Oui, j’avais 11 ans et j’étais en Suisse, ce qui est déjà une bulle en soi. Mais j’étais en plus en pensionnat et j’étais donc littéralement sous deux cloches. Je n’ai ainsi pas entendu parler de Mai 68 à l’époque, et j’ignorais aussi qu’il y avait eu la Seconde Guerre mondiale. Je ne savais absolument rien car, dans les pensionnats, on nous apprenait juste l’histoire suisse. Finalement, j’ai tout appris d’un coup en venant à Paris, à l’âge de 20 ans, dix ans après Mai 68 : l’histoire de France, l’histoire du monde… J’ai pendant longtemps eu un peu honte de cette incroyable ignorance politique, mais ensuite plus du tout.
À propos d’apprentissage, à quand remonte votre découverte du métier d’actrice ?
Je suis née en Suisse, et mon enfance s’est située dans une forme de déplacement perpétuel. Je changeais beaucoup d’école, d’amis et n’établissais pas de liens particuliers avec les gens. Mais je prenais des cours de théâtre parce que ma mère m’y avait inscrite. Cela dit, j’aimais encore plus dessiner et peindre. J’ai en fait deux personnalités artistiques.
Puis j’ai fait les Arts Déco à Genève. Vers mes 10 ans, mon oncle Thierry Vernet [peintre et illustrateur suisse, ndlr], qui était le compagnon de route de Nicolas Bouvier [écrivain et photographe suisse, ndlr], faisait les décors d’une pièce à la Comédie de Genève, avec Germaine Montero, grande comédienne brechtienne de l’époque. Elle cherchait une petite fille, et je me suis retrouvée à 10 ans sur scène avec une troupe de femmes.

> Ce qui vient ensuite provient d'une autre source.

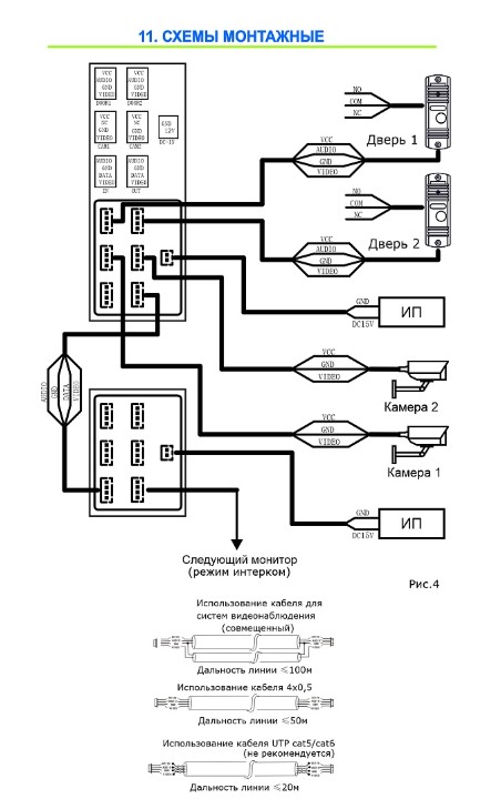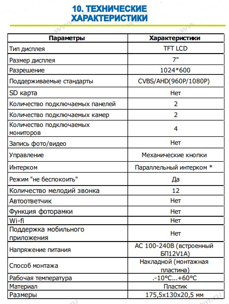 Возможности подключения: До 2х вызывных панелей, до 2х камер, до 4х мониторов*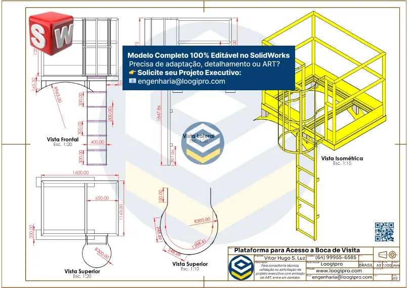 O projeto foi modelado no SolidWorks com foco em robustez, praticidade e adequação normativa. Inclui escada com corrimão, piso metálico atualizado e guarda-corpo completo, além de detalhes técnicos e cotas fundamentais.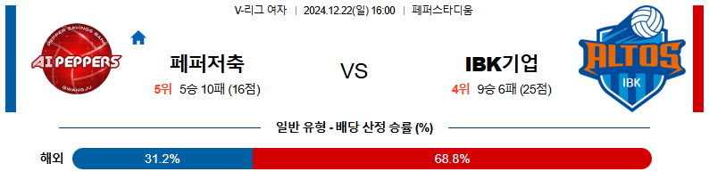 [벳조이]12월22일 페퍼저축은행:IBK기업은행 V리그(여)
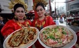 Sejumlah perempuan memperkenalkan Pizza Italia toping pisang ijo dan pisang epe di salah satu hotel di Makassar, Sulawesi Selatan, Rabu (1/3). Pizza dengan cita rasa makanan tradisional khas Makassar tersebut diharapkan dapat menarik minat pengunjung khusu (FOTO : Dewi Fajriani/Antara)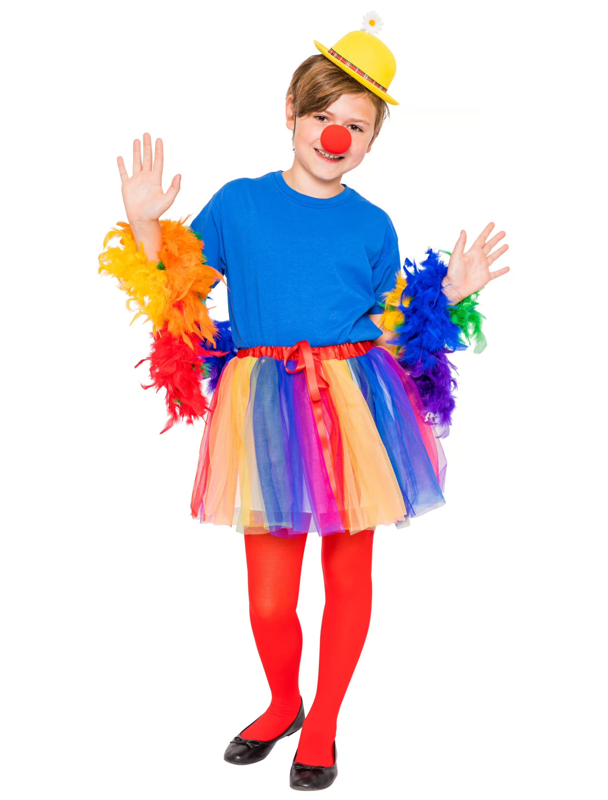 Schön bunt ist der Petticoat Rainbow für Kinder aus Polyester, der mit seinen leuchtenden Regenbogenfarben die Fantasie anregt und auch Dein Kind begeistern wird. Der Regenbogen Kinder Petticoat besteht aus einer Lage buntem Tüll und ist am Bund mit einem Gummizug und Bindeband versehen. Er ist das perfekte Röckchen für ein freches und süßes Clownkind oder ein bezauberndes Regenbogen Mädchen. Mit den passenden Kostümteilen und Accessoires aus unserem Shop wird Dein selbst zusammengestelltes Kinderkostüm sicher ein Hingucker.

C’est un souvenir qui m’a marquée.
La question des origines est centrale dans La Cache, qui suit une famille juive, originaire d’Odessa. Quelles sont les vôtres ?
Mes parents étaient suisses, mais ma mère était d’origine française par son père, qui était savoyard. Mon père est mort quand j’avais à peine deux mois. Il était architecte et aviateur et il est mort en avion, dans un appareil qu’il conduisait lui-même. Ma mère était femme au foyer et a épousé mon parrain. J’ai donc été élevée par mon beau-père, et ce fut extraordinaire d’avoir cet homme d’une telle grandeur d’âme dans ma vie. Chaque fois qu’un film parle de la gloire des beaux-pères, comme Le Roman de Jim [film des frères Larrieu sorti en 2024, ndlr], je suis bouleversée.
Comment le cinéma s’est-il invité dans votre carrière ? Vous êtes par exemple apparue dès 1984 dans Boy Meets Girl, le premier film de Leos Carax…
Oui, mais le théâtre m’a empêchée de vraiment le faire. Le film est resté dans ma filmographie car j’y fais une figuration, mais je devais au départ avoir un rôle plus important. Sauf que ma metteuse en scène de l’époque m’a dit que je ne pouvais pas m’absenter une semaine pour un film. Je ne connaissais pas Carax et, durant notre première rencontre, je parlais d’abord à son assistant en croyant que c’était le metteur en scène.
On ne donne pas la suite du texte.